The numbers of dogs in the UK have soared since lockdown, and now it is estimated that there are 12.5 million dogs in the country, with a third of all households owning at least one.
This means that all children will come into contact with dogs at some time – whether at home, when visiting friends and family, or just when out and about.
Whether as dog lovers we like it or not, dogs are a hazard – and they are especially so for children. They have teeth, claws, a mind of their own, and even the most friendly and playful, especially if not trained, can knock a child over or just get over-excited. So how can parents teach their children how to be safe around dogs – and what do children need to know to have the perfect relationship with the dogs that share their lives, and to grow up to be the dog owners of the future?

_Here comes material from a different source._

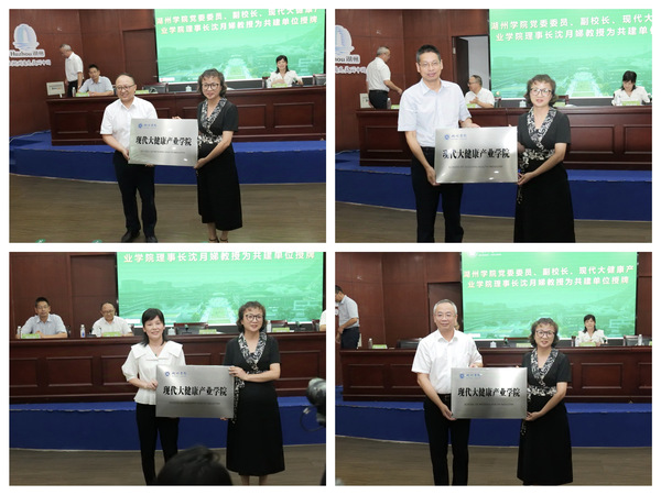 会议选举产生了新的理事会成员,沈月娣当选为现代大健康产业学院理事长。会议听取了产业学院筹备工作报告,确立了学院的章程和运行管理机构,审议通过了下一步的工作计划,并为现代大健康产业学院产业教授、实践导师、创业导师和兼职教师代表颁发聘书。沈月娣为湖州市妇幼保健院、437437必赢国际网址附属南太湖医院、437437必赢国际网址附属浙北明州医院、湖州市社会福利中心发展有限公司等四家共建单位授牌。

First of all, split dog encounters into three categories:
- strange dogs you meet while out and about
- resident dog/s
- dogs of friends and family
These need to be looked at totally differently when it comes to interactions and staying safe.

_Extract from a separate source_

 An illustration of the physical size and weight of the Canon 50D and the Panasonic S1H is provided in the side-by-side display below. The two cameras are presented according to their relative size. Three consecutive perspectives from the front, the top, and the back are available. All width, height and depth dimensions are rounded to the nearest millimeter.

Children should be taught to treat strange dogs exactly the same way they would a strange person. Totally ignore them. No matter how cute, how appealing, or how friendly they look – and even if the owner says it is OK for you and your child to talk to them. Neither you, your child – or very probably the dog’s owner – will know for sure that their dog is happy around unknown children or is happy in that moment. ‘Stranger danger’ is about all strangers – no matter what the species!
If an off-lead dog comes up to you while you are out with your child, again… totally ignore it. In most cases, if you aren’t interesting, the dog will wander off and find something more fun to do. If the dog seems over-excited, bouncy or you have any concerns about their behaviour, don’t panic and tell your child to ‘be a statue’! In other words, stand perfectly still, cross their arms across their chest and stay quiet. Children running or shouting, or waving their arms about, will make the situation worse and it can make a friendly, playful dog overexcited, or it can scare a dog who is unused to children. If they (or you) are knocked over by the dog, they should ‘be a stone’. Curl up with arms and legs tucked in underneath them and their head down.
There are plenty of dogs you and your children can interact and have fun with – your own or known dogs belonging to friends or family – but avoid strangers!
The Family Dog
While it might be a fear of many parents, the majority of injuries to children from dogs don’t come from unknown dogs that you might meet when you are out and about. They come from the family’s own dog. There are lots of reasons for this – but the main one is simply that this is the dog that a child will spend the most time with – and it is the one that parents are often the least vigilant around.